Here is my situation:
2 Dell R900's with 16 cpus each and 64 GB RAM
OS: SuSE SLES 10 SP2 patched up to date
R version 2.9.1
Rmpi version 0.5-7
snow version 0.3-3
maanova library version 1.14.0
openmpi version 1.3.3
slurm version 2.0.3
With a given set of R code, we get abnormal exits when using 14 or less
cpus.
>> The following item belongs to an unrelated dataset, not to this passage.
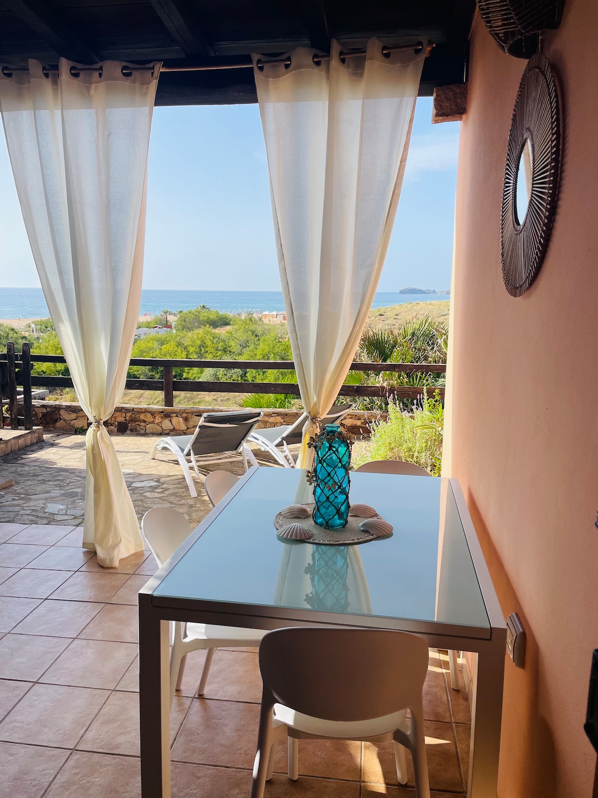Trascorri momenti indimenticabili in questa casa che gode di una vista mozzafiato sulle altissime dune, il mare incontaminato, la spiaggia dorata e dalla quale potrai ammirare suggestivi tramonti. Si accede mediante scala condominiale che conduce alla terrazza coperta da tettoia in legno, dotata di doccia e barbecue . Si compone di soggiorno con angolo cottura, tavolo, divano letto (trasformabile in un letto a due piazze) e terrazza panoramica; camera da letto matrimoniale; bagno con doccia.

When using 15 or more, the job completes normally.
error is a variation on:
[pdp-dev-r01:22618] [[15549,1],0] routed:binomial: Connection to lifeline
[[15549,0],0] lost
during the array permutations.
Increasing the number of permutations above 200 also produces similar
results.
The R code is executed with a typical command line for 14 cpus being:
sbatch -n 14 -i ./Rtest.txt --mail-type=ALL
--mail-user=steven_dale_at_[hidden] /usr/local/bin/R --no-save
Config.log, ompi_info, Rscript.txt and slurm outputs are attached. Network
is GB Ethernet copper tcp/ip.
I think this to be an openmpi error/bug due to the routed:binomial
message. This also had the same results with openmpi-1.3.2, R 2.9.0,
maanova 1.12 and slurm 2.0.1.
No non-default MCA parameters are set.
LD_LIBRARY_PATH=/usr/local/lib.
Configuration done with defaults.
Any ideas are welcome.
____________________
Steve Dale
|